Bonsoir j'ai acheter hier le ipad 1 3g 16go pour 389 euro il me  satisfait amplement j'ai acheter Oplayer pour les videos divx et hd,  c'est top...   
Par contre j'aimerais envoyer des cv et lettres de motivation mais  comment faire ? Sur pc j'ai des dossiers pour aller chercher les pieces  jointes mais pas sur ipad... Genre je peux ecrire mon mail mais pas  envoyer le cv puisqu'il n'est pas phisiquement dans le ipad .


----------



## Gwen (1 Juin 2011)

Il faut envoyer le CV ou autre fichier à partir de l'application l'ayant crée. 

Tu dois avoir un bouton exportation ou envoyé vers. ET là, tu choisis email comme méthode.


----------



## xxfredxx (1 Juin 2011)

arf désoler j'ai pas compris...  :rose:
en faite j'ai mis sous itunes des docs word :
http://s3.noelshack.com/upload/3086263572777_sans_titre.jpg
mais impossible de les voirs sur mon Ipad...
seule solution Jailbreak ?? et mettre Ifiles ?

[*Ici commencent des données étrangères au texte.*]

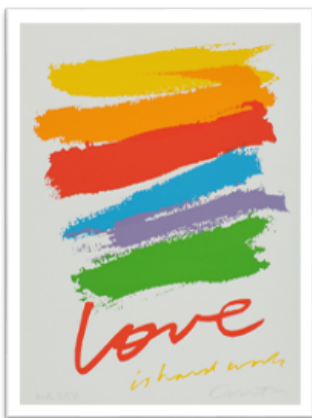
Love is hard work , 1985 Serigraph Text: Love is hard work

et j'aimerais ensuite les envoyés en pièce jointe quand j'ai envie via mails. mais l'app d'origine n'envoie même pas de pièces jointes... je me demande si j'ai bien fait d'acheter cet Ipad... Il est vraiment fermé c'est dingue.


----------



## Anonyme (1 Juin 2011)

Il existe (du moins sur iphone) des applications de gestion de fichiers qui permettent de s'interfacer avec l'appli mail, ou d'envoyer les PJ directement.


----------



## xxfredxx (2 Juin 2011)

merci à vous ! j'ai acheter good reader et j'ai pris dropbox ! c'est top en effet ! les deux logiciels se complétent for bien...


----------